HUVELLE, District Judge.

Before the Court is defendant Eli Lilly and Company’s (“Eli Lilly”) Motion for Summary Judgment (“Defs.’ Mot.”), joined by defendants Bristol-Myers Squibb Company (“Bristol-Myers”), Dart Industries, Inc. (“Dart”), GlaxoSmithKline, Inc. (“GSK”), and Premo Pharmaceutical Laboratories, Inc. (“Premo”) (collectively “defendants”). Defendants argue that Pennsylvania law governs under the District of Columbia’s choice of law rules and, therefore, plaintiff may not rely on market-share liability but must identify the manufacturer of the DES that her mother ingested. (Defs.’ Mot. at 5-8.) Defendants further argue that they are entitled to summary judgment because plaintiff cannot produce sufficient evidence to meet her burden under Pennsylvania law. (Defs.’ Mot. at 8-14.) For the reasons set forth below, the Court agrees and will grant defendants’ motion.

BACKGROUND

This case presents another chapter in the unfortunate history of diethylstilbes-trol, commonly known as DES, a drug frequently prescribed from the 1940’s to the 1970’s as both a prophylactic and active remedy for pregnancy complications, particularly the prevention of miscarriages. See In re DES Cases, 789 F.Supp. 552, 558 (E.D.N.Y.1992). The consequences for children whose mothers ingested DES during their pregnancies have been severe and well-documented. See generally Cynthia Orenberg, DES: The Complete Story, (St. Martin’s 1981). These adverse effects include malformed reproductive organs, infertility, and rare forms of vaginal and cervical cancer in women, see R.M. Guiusti, K. Iwamoto & E.E. Hatch, Diethystilbes-trol Revisited: A Review of the Long-term Health Effects, 122 Ann. Intern. Med. 778-88 (1995); E.E. Hatch et al., Cancer Risk in Women Exposed to Diethylstilbes-trol in Utero, 280 JAMA 630-34 (1998); Arthur L. Herbst et al., Adenocarcinoma of the Vagina: Association of Maternal Stilbestrol Therapy With Tumor Appearance in Young Women, 284 New Engl. J. Med. 878 (1971), and genital malformation, reduced sperm counts and testicular disorders in men. Jorma Toppari et al, Male Reproductive Health and Environmental Xenoestrogens, 104 Envtl. Health Perspectives, Supp. 4, 741, 753-54 (1996).

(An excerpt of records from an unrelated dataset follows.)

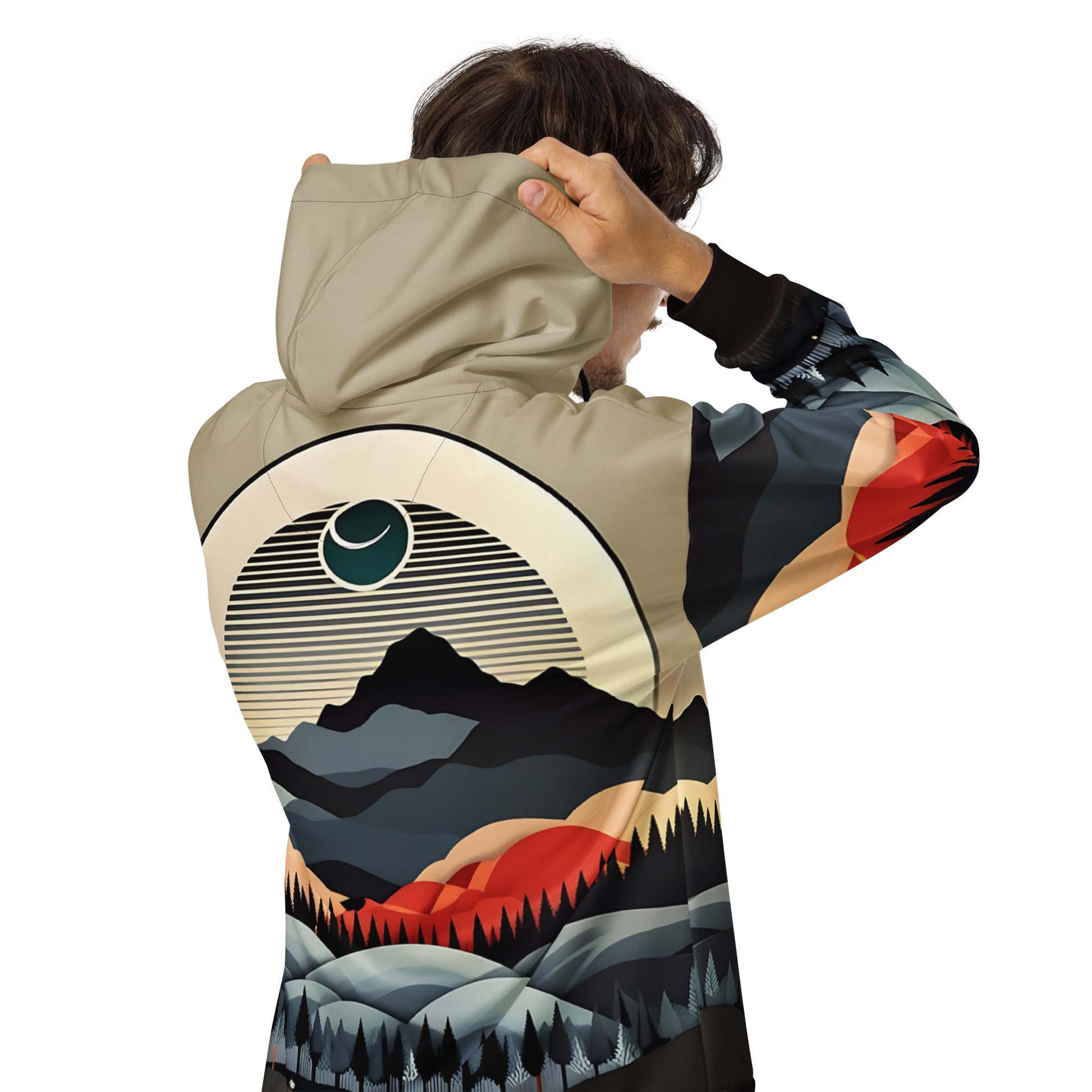 Bring the beauty of the mountains to your wardrobe with this all-over print hoodie. Featuring a scenic landscape design and crafted for comfort, this beige pullover is perfect for casual wear or outdoor adventures. Whether you're exploring or relaxing, this hoodie is a stylish way to express your love for nature.
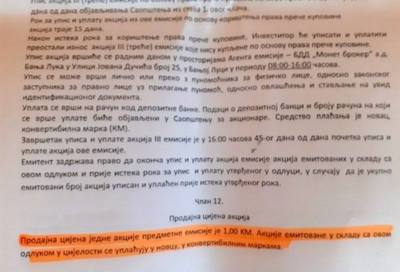 Da li će Komisija za hartije od vrijednosti Republike Srpske odoboriti ovu emisiju i na taj način svjesno kršiti zakon i učestvovati u kriminalnim radnjama????
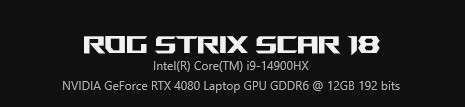 ASUS G18 STRIX SCAR 4080 모델입니다. 24년도 10월에 구매했습니다. 구매당시 윈도우 11 홈 깔려있는 상태로 받았습니다. GPU max TGP 175W 로 어지간한 게임 전부 돌아갑니다. VRAM은 GDDR6 12GB 로 넉넉합니다. CPU는 인텔 14세대 I9-14900HX 입니다. 코어는 8P 16E 총 24코어입니다. 램은 기존 16+16 램에서 32+32 램으로 교체했습니다. * TeamGroup T-CREATE DDR5-5600 CL46 RAM 총 64GB SSD 는 기본 1TB + 2TB 추가했습니다. 배터리 효율은 87.6% 입니다. 화면은 18인치로 추가모니터없이 게임할 수 있을정도로 크고, 240hz 에 miniLED 로 1100 니트까지 올라갑니다. 화면은 안티글레어 코팅되어있어서 빛반사 없습니다. 성능상 하자는 없고 화면도 기스 없이 깨끗하고 다만 키보드쪽이 사용감이 좀 있습니다. 외관의 경우 상판은 보호필름 붙여놓고 사용했고 하판의 경우 아래쪽에 기스 있습니다. * 상판 보호필름 부착상태입니다. 18인치 노트북 담을 수 있는 노트북 가방 같이 드려요. 고가인만큼 직접 만나서 직거래 희망합니다. 직거래의 경우 주로 포항-대구-울산까지 가능, 주말의 경우 서울도 가능합니다.

Plaintiff was born in Pennsylvania in 1962 and grew up there, but has lived outside the state since 1985 and is currently a resident of California. (Pl.’s Opposition to Defendant Eli Lilly’s Motion for Summary Judgment (Pl.’s Opp’n) at 6.) Plaintiffs mother, Ruth Bortell, took DES during her pregnancy with plaintiff. (Defs.’ Mot. at 2). Dr. Emerson Faekler, the physician who prescribed the DES, used the term “diethylstibestrol” in writing the prescription without specifying a particular brand. (Pl.’s Opp’n at 5.) Plaintiffs mother filled Dr. Fackler’s prescriptions at the Rea and Derrick Pharmacy in Le-moyne, Pennsylvania. (Id. at 2.) In 2001, while a resident of California, plaintiff was diagnosed as infertile. (Id.) The following *4 year, her doctor diagnosed'her with a T-shaped uterus and stenotic cervix — classic manifestations of DES exposure. (Id.) In December 2002, plaintiff suffered a spontaneous miscarriage. (Id.)

On May 7, 2004, plaintiff filed suit against defendants in the Superior Court for the District of Columbia seeking damages for injuries allegedly caused by in útero exposure to DES. On June 14, 2004, the case was removed by defendants to federal court under 28 U.S.C. §§ 1332 and 1441(b). Discovery closed on May 6, 2005, and defendants now move for summary judgment.

ANALYSIS

I. Summary Judgment Standard

Rule 56 of the Federal Rules of Civil Procedure provides that a motion for summary judgment shall be granted if the pleadings, depositions, answers to interrogatories, admissions on file, and affidavits show that there is no genuine issue of material fact, and that the moving party is entitled to judgment as a matter of law. Anderson v. Liberty Lobby, Inc., 477 U.S. 242, 248, 106 S.Ct. 2505, 91 L.Ed.2d 202 (1986). To be material, the fact, must be capable of affecting the outcome of the litigation; to be genuine, the issue must be supported by admissible evidence sufficient for a reasonable trier of fact to find in favor of the non-moving party. Id. at 247-48, 106 S.Ct. 2505; see also Laningham v. United States Navy, 813 F.2d 1236, 1242-13 (D.C.Cir.1987).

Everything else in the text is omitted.